2022-11-01T11:42:44.022Z


The Central American nation could be even more subject to a government that is resistant to discrepancy and pluralism and that will concentrate all political power in its hands.


Nicaragua will experience another electoral process next month, exactly one year after the general elections of November 2021, which gave way to the fourth consecutive term of Daniel Ortega, president since 2007.

The November 6 elections will be municipal, in which mayors, deputy mayors and members of the deliberative councils will be elected in 153 mayoralties, of which, since 2017, 135 are in the hands of the ruling Sandinista National Liberation Front (FSLN).

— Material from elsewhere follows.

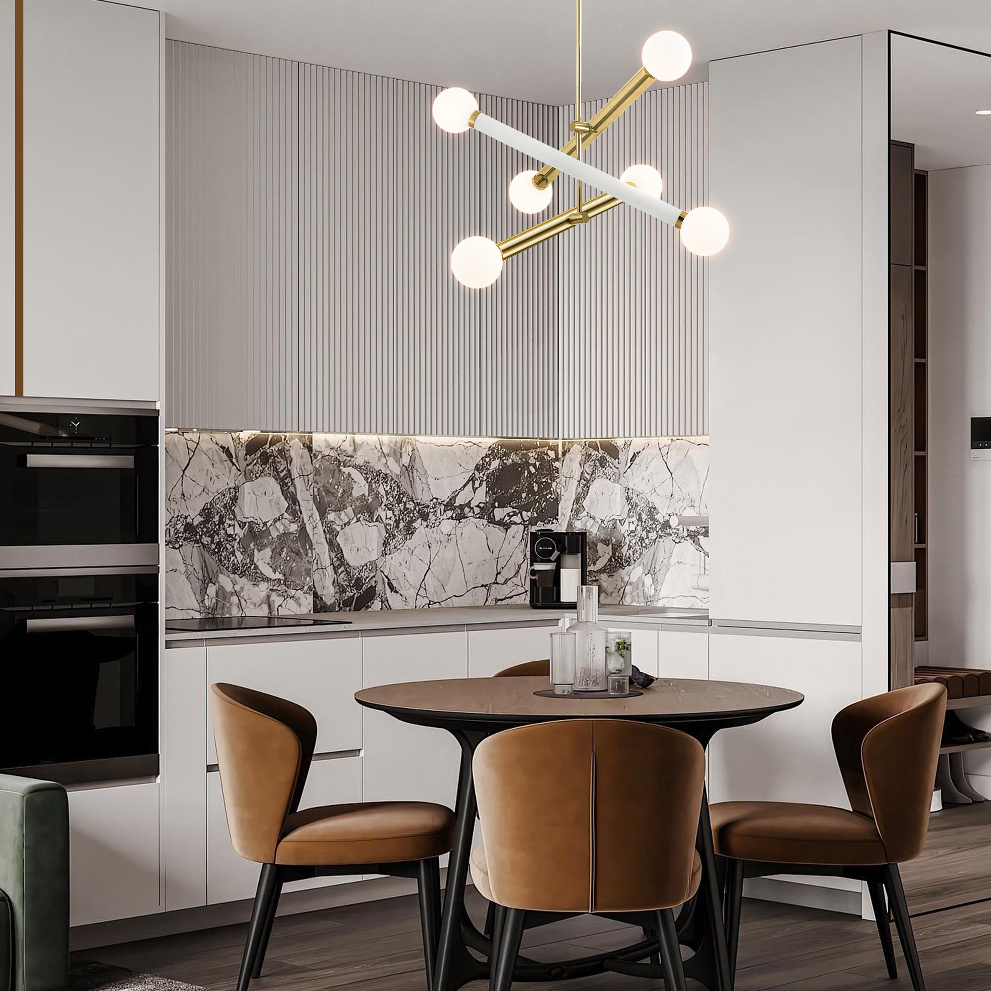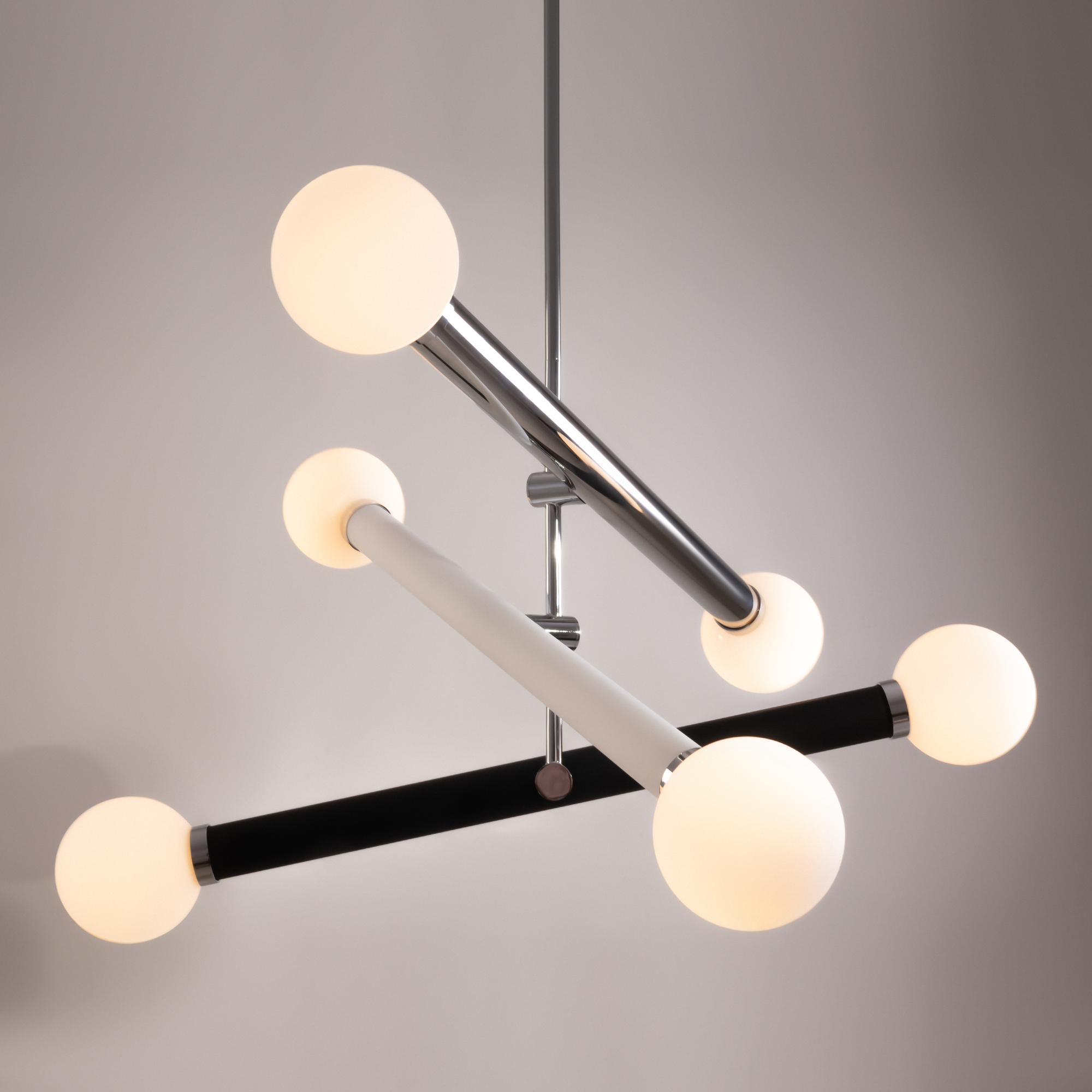 Арматура - металл, плафоны - стекло. Цветовые комбинации арматуры и плафона: черный + прозрачный, черный + янтарный, латунь + прозрачный. Элементы декора - выдувные «бусины» из стекла. Высота проводов регулируется. Источник света - лампа с цоколем GU10.

In addition, since the beginning of July of this year, five more have come under the control of the FSLN when opposition mayors were removed to appoint,

de facto

, co-religionists of the ruling party.

The expectation of change with these elections is certainly less high than that of last year, although the importance of these elections is not less given that the results could imply the definitive decline of democratic pluralism, from which Nicaragua already suffers.

For the institutionality it will also be a radical blow.

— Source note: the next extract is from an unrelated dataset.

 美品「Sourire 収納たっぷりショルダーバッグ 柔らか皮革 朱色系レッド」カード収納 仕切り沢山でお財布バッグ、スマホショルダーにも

At the national level, the Sandinista government already has control over the other three branches of government.

Soon, that influence would take over the entire municipal structure.

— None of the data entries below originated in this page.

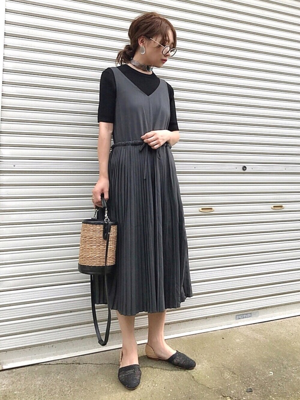 𝙔𝙐𝙆𝙄のワンピース「大人カワイイ。細プリーツワンピース(グレー)。Vネックの上品見えノースリーブドレス」を使ったコーディネート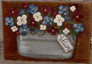*~*PRIMITIVE*~* HP FOLK ART PRIM PLANTER OF FLOWERS *~* WELCOME *~* BOARD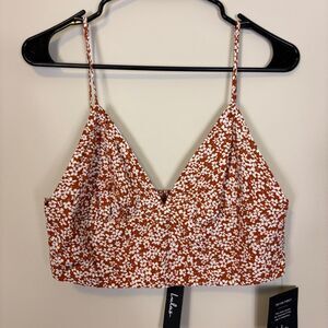 Brand new with tags Lulu's Orange with White Floral Print Triangle Cropped Tank Top Size Large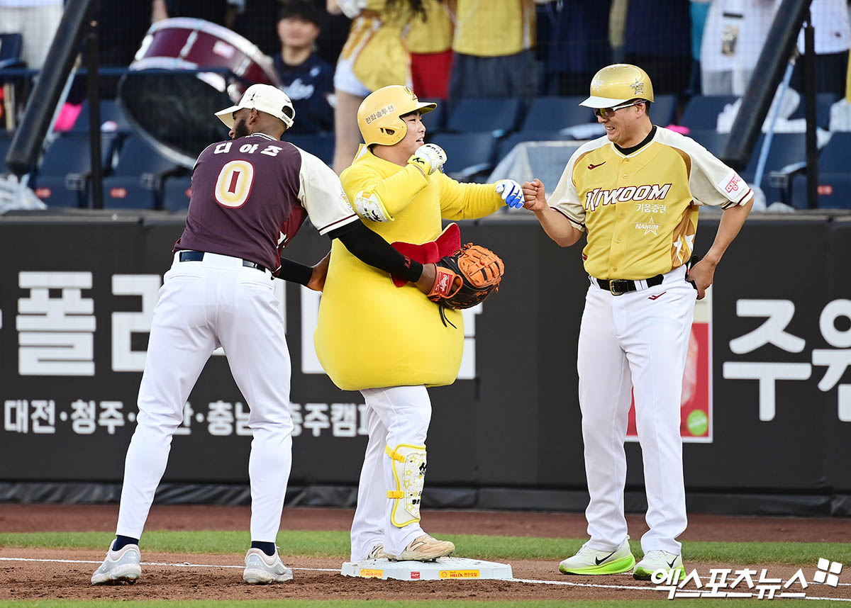 (엑스포츠뉴스 대전, 박지영 기자) 12일 오후 대전 한화생명볼파크에서 열린 '2025 신한 SOL Bank KBO 올스타전' 드림 올스타와 나눔 올스타의 경기, 나눔 문현빈이 꿈돌이 퍼포먼스와 함께 안타를 때려내고 있다.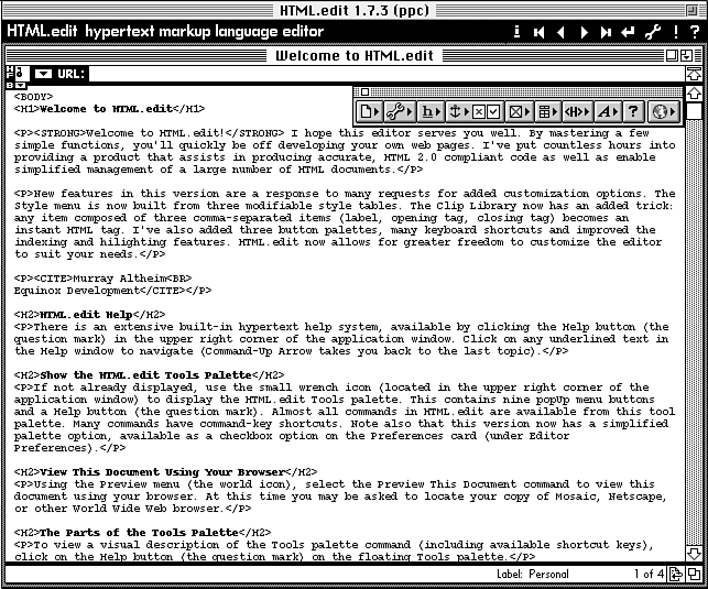 The documentation for HTML Editor is available at http://dragon.acadiau.ca/~giles/HTML_Editor/Documentation.html. You can get the actual package from ftp://cs.dal.ca/giles/HTML_Editor_1.1.4.sit.hqx.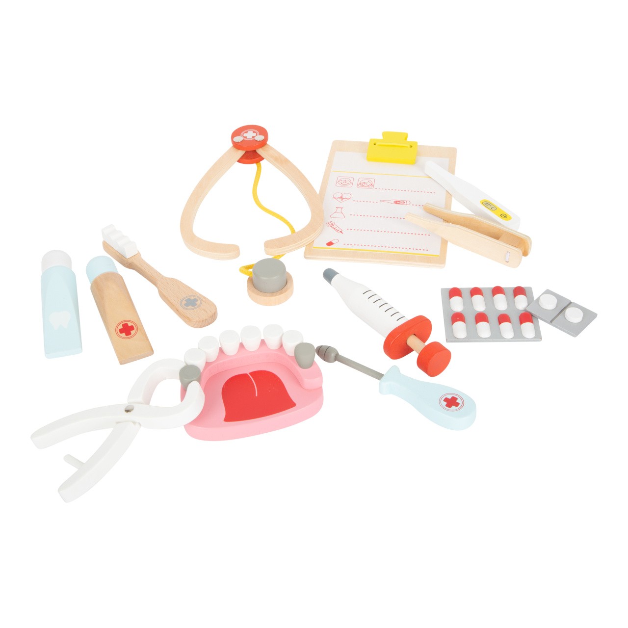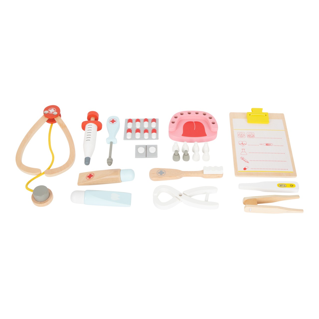 Zubní kazy nebudou mít šanci! Kufřík na zámek udělá dojem svými dřevěnými doplňky s pěkným designem. Dětská stříkačka, vrtačka, kartáček, sada zubů, zubní pasty a kleští, tato dřevěná dětská sada pro zubaře má vše! Dva šedé zuby děti naučí důležitosti zubní hygieny. S teploměrem, balzámem, pinzetou, tabletkami a poznámkovým blokem se kufřík hodí také ke hře na lékaře. Perfektní hračka, která děti připraví na první návštěvu u zubaře nebo lékaře. Děti si mohou zahrát na lékaře, tato hra podporuje kreativitu a dodá dětem odvahu. Všechny doplňky se pohodlně vejdou do kufříku. Otevřete si vlastní praxi! Hlavní vlastnosti Dřevěný kufřík na zámekTeploměr, balzám, injekční stříkačka, pinzeta, tablety, model zubůPěkný dětský design

The question that arises at this time is whether this electoral process will have the same features with which the OAS characterized the presidential suffrage of 2021. The OAS General Assembly concluded, by 25 votes in favor, seven abstentions and only one vote against of Nicaragua, that those elections “were not free, fair or transparent and did not [have] democratic legitimacy.”

The answer seems obvious, since conditions have not changed or, according to available information, have even worsened at the local level.

This year, through Law 1116, the National Assembly reformed the Electoral Law —which had already been reformed in 2021 for the presidential elections—, but did not modify the provisions that unduly restrict the rights of political participation and public freedoms.

Therefore, precepts are still in force that oblige the parties to request police authorization to meet with their supporters in a rally during the campaign (Art. 89.1), or that prohibit citizens from holding demonstrations, which are reserved only for those who will compete in elections (Art. 95).

Law 1116 reduced the duration of the electoral campaign by more than half, from 42 to 20 days.

In a context like the current one, in which the ruling party controls 92% of the mayoralties and is running for 111 acting mayors and deputy mayors, this reduction would affect other political options that, as has been denounced, would not have enough time to make themselves known or to disseminate and discuss their proposals with the electorate.

This would be a disadvantage in terms of the general conditions of equality in access to the public function, a right recognized by the International Covenant on Civil and Political Rights.

The municipal contest will not have the participation of the three political parties that were arbitrarily canceled by the Supreme Electoral Council in 2021. One of them, Citizens for Freedom, administered until July a quarter of the opposition mayors.

It is predictable that many candidates willing to serve and contribute to the development of their communities will not participate either, since the imprisonment of seven presidential candidates and other political and social leaders months before the 2021 general elections — today condemned as traitors to the country — It's not exactly an encouragement to apply.

In recent times, the repression in the country has been more blatant outside the capital, especially vehement in certain municipalities, such as Masaya, where in September a deployment of hundreds of police officers prevented the processions in honor of their patron saint.

Weeks earlier, in Sébaco and Matagalpa, 15 people, including priests and lay people, were held by the security forces in ecclesiastical settings for between 3 and 15 days, respectively.

Currently, eight of these people, including the Bishop of Matagalpa, are in preventive detention or under house arrest under criminal investigation for having allegedly tried to organize violent groups with the purpose of destabilizing the State and attacking the authorities.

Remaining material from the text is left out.